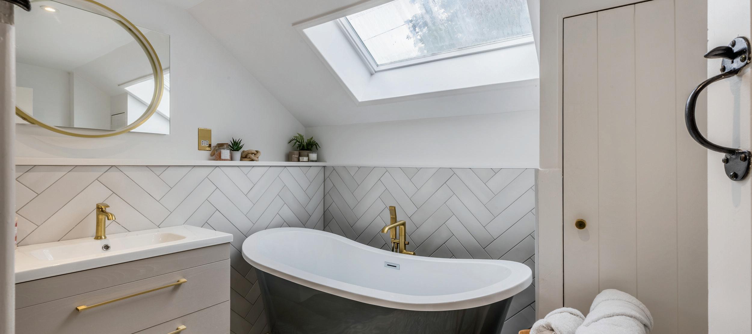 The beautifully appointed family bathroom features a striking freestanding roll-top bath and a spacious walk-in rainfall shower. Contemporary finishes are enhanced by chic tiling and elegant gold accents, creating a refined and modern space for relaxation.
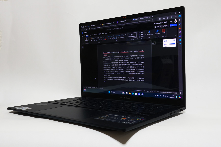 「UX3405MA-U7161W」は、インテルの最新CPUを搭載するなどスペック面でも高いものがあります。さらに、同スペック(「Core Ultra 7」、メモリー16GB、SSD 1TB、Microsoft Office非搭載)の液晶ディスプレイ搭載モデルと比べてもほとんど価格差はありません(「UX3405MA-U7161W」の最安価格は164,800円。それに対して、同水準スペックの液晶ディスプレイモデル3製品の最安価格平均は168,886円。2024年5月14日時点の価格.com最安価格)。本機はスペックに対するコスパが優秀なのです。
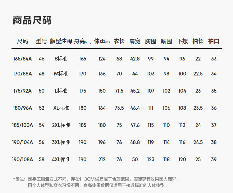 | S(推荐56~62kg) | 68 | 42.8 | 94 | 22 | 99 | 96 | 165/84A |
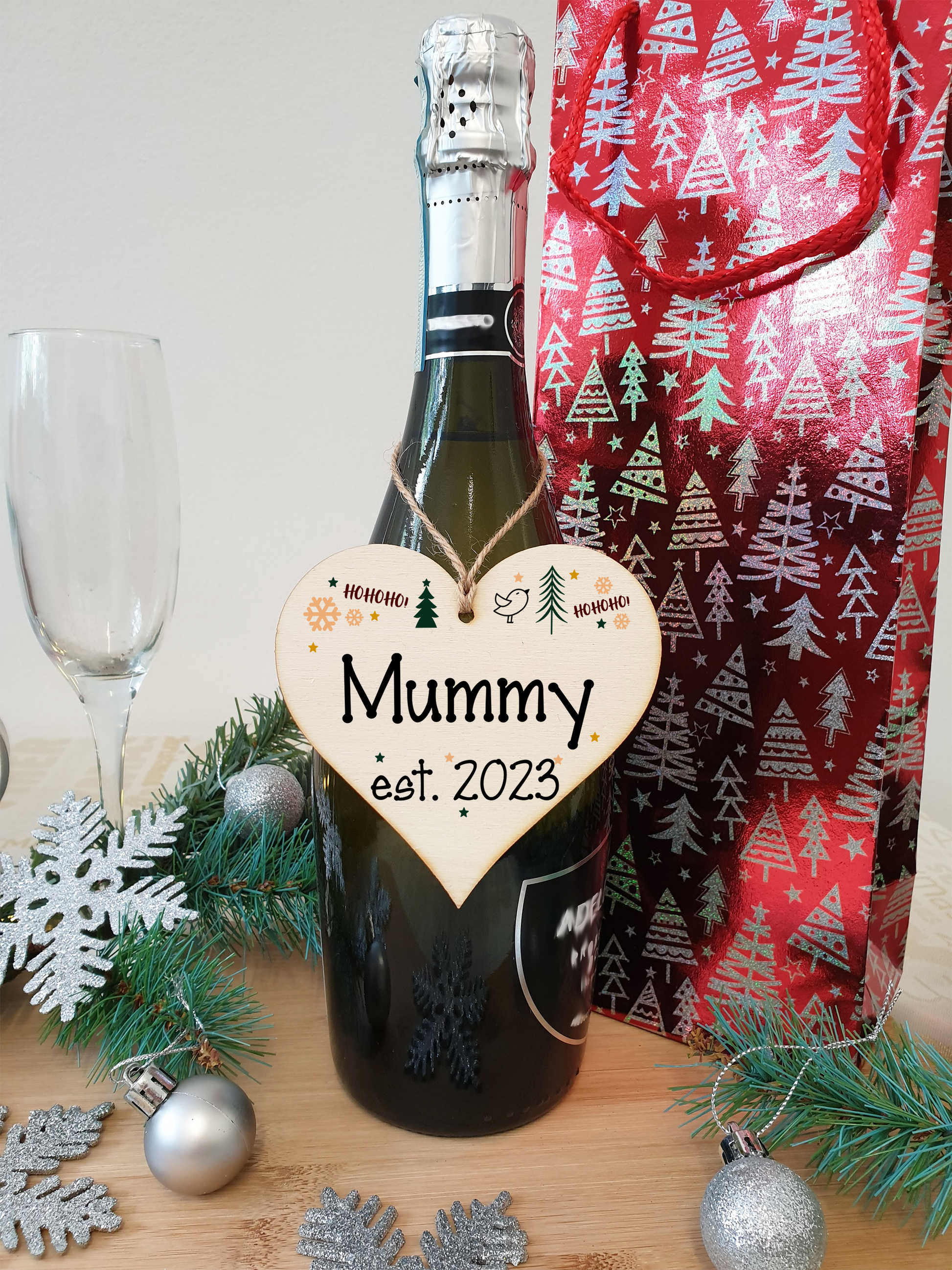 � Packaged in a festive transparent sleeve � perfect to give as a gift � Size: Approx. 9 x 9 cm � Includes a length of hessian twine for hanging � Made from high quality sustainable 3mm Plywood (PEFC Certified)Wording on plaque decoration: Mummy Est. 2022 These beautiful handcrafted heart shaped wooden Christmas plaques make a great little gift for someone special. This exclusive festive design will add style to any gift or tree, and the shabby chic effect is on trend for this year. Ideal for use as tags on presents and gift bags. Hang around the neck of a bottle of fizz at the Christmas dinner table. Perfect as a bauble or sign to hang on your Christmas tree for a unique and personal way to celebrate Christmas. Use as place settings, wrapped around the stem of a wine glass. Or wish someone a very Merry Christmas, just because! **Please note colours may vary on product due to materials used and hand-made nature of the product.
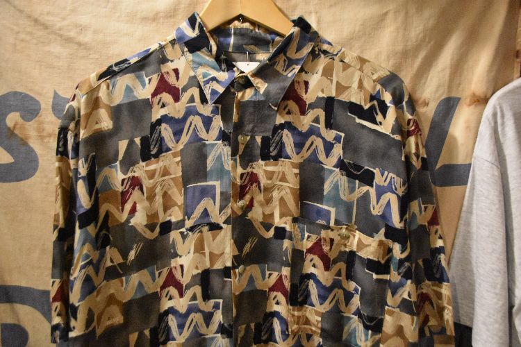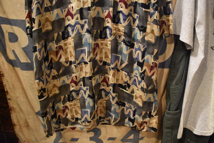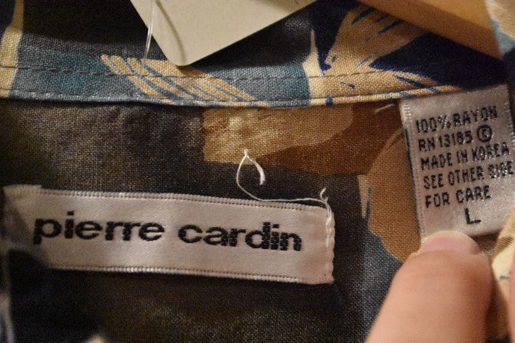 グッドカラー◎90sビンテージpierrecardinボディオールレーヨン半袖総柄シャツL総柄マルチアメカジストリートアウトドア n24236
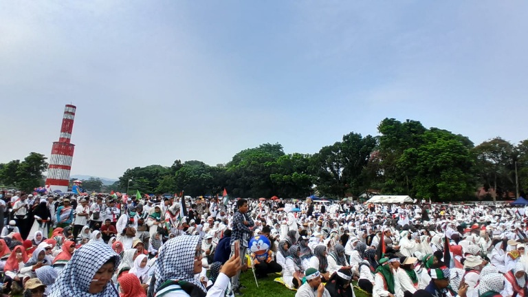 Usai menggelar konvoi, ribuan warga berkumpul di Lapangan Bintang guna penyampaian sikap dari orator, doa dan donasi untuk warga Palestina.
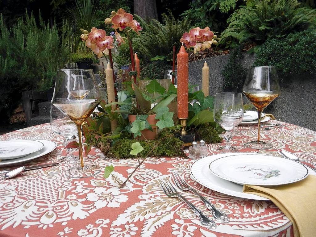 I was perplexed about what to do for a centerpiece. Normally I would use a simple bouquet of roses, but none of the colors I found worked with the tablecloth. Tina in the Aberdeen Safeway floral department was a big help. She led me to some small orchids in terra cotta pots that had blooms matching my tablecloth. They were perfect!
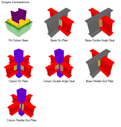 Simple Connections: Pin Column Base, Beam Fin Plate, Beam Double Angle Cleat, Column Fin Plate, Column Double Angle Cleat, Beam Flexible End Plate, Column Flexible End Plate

________________________________________

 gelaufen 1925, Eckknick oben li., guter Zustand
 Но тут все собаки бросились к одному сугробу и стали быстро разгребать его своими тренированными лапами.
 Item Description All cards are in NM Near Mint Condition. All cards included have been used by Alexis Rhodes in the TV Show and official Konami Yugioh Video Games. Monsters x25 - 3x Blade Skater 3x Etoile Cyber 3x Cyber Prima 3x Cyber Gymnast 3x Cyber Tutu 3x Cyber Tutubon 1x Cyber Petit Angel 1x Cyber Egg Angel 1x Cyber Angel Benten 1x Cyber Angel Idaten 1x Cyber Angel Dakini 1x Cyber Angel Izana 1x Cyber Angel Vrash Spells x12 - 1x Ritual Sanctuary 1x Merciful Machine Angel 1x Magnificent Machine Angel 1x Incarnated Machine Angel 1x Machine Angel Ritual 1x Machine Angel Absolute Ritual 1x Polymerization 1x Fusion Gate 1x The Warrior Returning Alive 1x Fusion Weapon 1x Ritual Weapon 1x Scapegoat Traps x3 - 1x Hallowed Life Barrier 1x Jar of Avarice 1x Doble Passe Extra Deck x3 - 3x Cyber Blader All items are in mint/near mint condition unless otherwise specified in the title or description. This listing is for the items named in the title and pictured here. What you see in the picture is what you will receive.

________________________________________

Within the listing above, find the line containing "The beautifully appointed" and the line containing "I was perplexed". Transcribe them and everything between them exactly, leaving out the pictures.

• _SOLUTION TO THE EXERCISE_:
 The beautifully appointed family bathroom features a striking freestanding roll-top bath and a spacious walk-in rainfall shower. Contemporary finishes are enhanced by chic tiling and elegant gold accents, creating a refined and modern space for relaxation.
 「UX3405MA-U7161W」は、インテルの最新CPUを搭載するなどスペック面でも高いものがあります。さらに、同スペック(「Core Ultra 7」、メモリー16GB、SSD 1TB、Microsoft Office非搭載)の液晶ディスプレイ搭載モデルと比べてもほとんど価格差はありません(「UX3405MA-U7161W」の最安価格は164,800円。それに対して、同水準スペックの液晶ディスプレイモデル3製品の最安価格平均は168,886円。2024年5月14日時点の価格.com最安価格)。本機はスペックに対するコスパが優秀なのです。
 | S(推荐56~62kg) | 68 | 42.8 | 94 | 22 | 99 | 96 | 165/84A |
 � Packaged in a festive transparent sleeve � perfect to give as a gift � Size: Approx. 9 x 9 cm � Includes a length of hessian twine for hanging � Made from high quality sustainable 3mm Plywood (PEFC Certified)Wording on plaque decoration: Mummy Est. 2022 These beautiful handcrafted heart shaped wooden Christmas plaques make a great little gift for someone special. This exclusive festive design will add style to any gift or tree, and the shabby chic effect is on trend for this year. Ideal for use as tags on presents and gift bags. Hang around the neck of a bottle of fizz at the Christmas dinner table. Perfect as a bauble or sign to hang on your Christmas tree for a unique and personal way to celebrate Christmas. Use as place settings, wrapped around the stem of a wine glass. Or wish someone a very Merry Christmas, just because! **Please note colours may vary on product due to materials used and hand-made nature of the product.
 グッドカラー◎90sビンテージpierrecardinボディオールレーヨン半袖総柄シャツL総柄マルチアメカジストリートアウトドア n24236
 Usai menggelar konvoi, ribuan warga berkumpul di Lapangan Bintang guna penyampaian sikap dari orator, doa dan donasi untuk warga Palestina.
 I was perplexed about what to do for a centerpiece. Normally I would use a simple bouquet of roses, but none of the colors I found worked with the tablecloth. Tina in the Aberdeen Safeway floral department was a big help. She led me to some small orchids in terra cotta pots that had blooms matching my tablecloth. They were perfect!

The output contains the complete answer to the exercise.